* **WHAT IS EXPECTED**:
Please output the listing exactly as it stands, but omit any images.

* **PROVIDED DATA**:
-- Opening Marker --

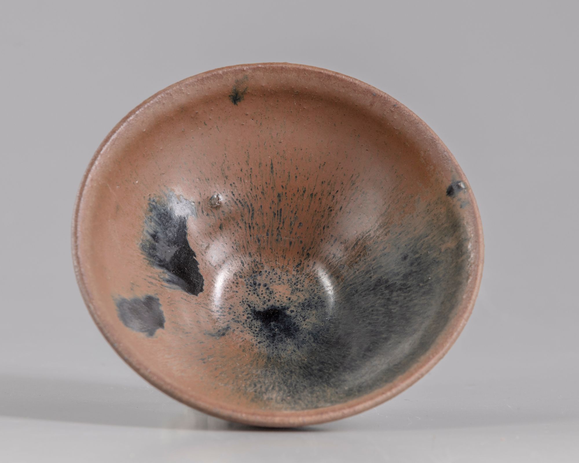 The bowl is decorated with a dark, lustrous glaze with brown russet streaks trailing to the centre imitating the fur of a hare.
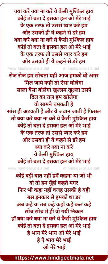 to kya kare kya na kare ye kaisi mushkil haay
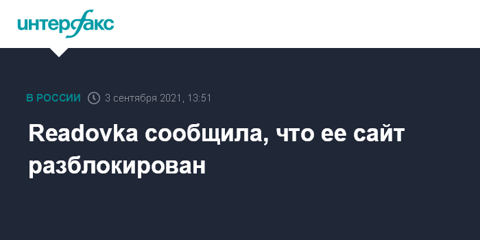 Москва. 3 сентября. INTERFAX.RU - Роскомнадзор разблокировал сайт Readovka.ru и исключил его из списка запрещенных в России после удаления семи публикаций, вызвавших претензии ведомства, сообщило издание.
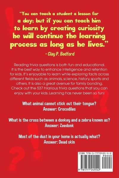 Disguise learning time as fun family bonding time. Studies have found that when kids associate learning with a strong positive emotion, they're more likely to retain information. What if you could give them this without piling on extra homework or trying to make fractions more interesting? Learning should be fun. And when it's done right, children shouldn't even be aware that it's happening. In times of need, fun trivia games are your secret weapon... and as an added bonus, you'll even boost your chances of winning future pub quizzes! Asking and answering trivia questions has been shown to not only enhance children's intelligence, but also their memory. And when this is incorporated into your family's quality bonding time, it creates the ultimate activity sure to tick off any parent's boxes. In 537 Hilarious Trivia Questions for Kids: Questions and Answer Book for Kids, you'll find hours of fun and knowledge. You'll discover:A guaranteed way to capture even the most reluctant learner's attention 537 fun and engaging questions to challenge the whole family Easy-to-find answers so no one is left in the dark A foolproof way to keep the little ones occupied during long car rides Unusual facts that your kids will be dying to find the answers to--and even learn from in the process A rich mixture of pop culture, sports trivia, and general knowledge questions Questions that allow the adults to learn just as much as the children A refreshing alternative to dry workbooks and school quizzes And much more. It can be hard to justify quality family time when you're worrying about making sure your kids are prioritizing their education--but you don't have to choose. Research shows that learning is most successful when it's fun. Is there any better excuse to put down the homework and start playing together?If you want to boost your child's knowledge without them whining in boredom, then click "Add to Cart" right now.

-- Closing Marker --

* **EXERCISE RESPONSE**:
 The bowl is decorated with a dark, lustrous glaze with brown russet streaks trailing to the centre imitating the fur of a hare.
 to kya kare kya na kare ye kaisi mushkil haay
 Москва. 3 сентября. INTERFAX.RU - Роскомнадзор разблокировал сайт Readovka.ru и исключил его из списка запрещенных в России после удаления семи публикаций, вызвавших претензии ведомства, сообщило издание.
 Disguise learning time as fun family bonding time. Studies have found that when kids associate learning with a strong positive emotion, they're more likely to retain information. What if you could give them this without piling on extra homework or trying to make fractions more interesting? Learning should be fun. And when it's done right, children shouldn't even be aware that it's happening. In times of need, fun trivia games are your secret weapon... and as an added bonus, you'll even boost your chances of winning future pub quizzes! Asking and answering trivia questions has been shown to not only enhance children's intelligence, but also their memory. And when this is incorporated into your family's quality bonding time, it creates the ultimate activity sure to tick off any parent's boxes. In 537 Hilarious Trivia Questions for Kids: Questions and Answer Book for Kids, you'll find hours of fun and knowledge. You'll discover:A guaranteed way to capture even the most reluctant learner's attention 537 fun and engaging questions to challenge the whole family Easy-to-find answers so no one is left in the dark A foolproof way to keep the little ones occupied during long car rides Unusual facts that your kids will be dying to find the answers to--and even learn from in the process A rich mixture of pop culture, sports trivia, and general knowledge questions Questions that allow the adults to learn just as much as the children A refreshing alternative to dry workbooks and school quizzes And much more. It can be hard to justify quality family time when you're worrying about making sure your kids are prioritizing their education--but you don't have to choose. Research shows that learning is most successful when it's fun. Is there any better excuse to put down the homework and start playing together?If you want to boost your child's knowledge without them whining in boredom, then click "Add to Cart" right now.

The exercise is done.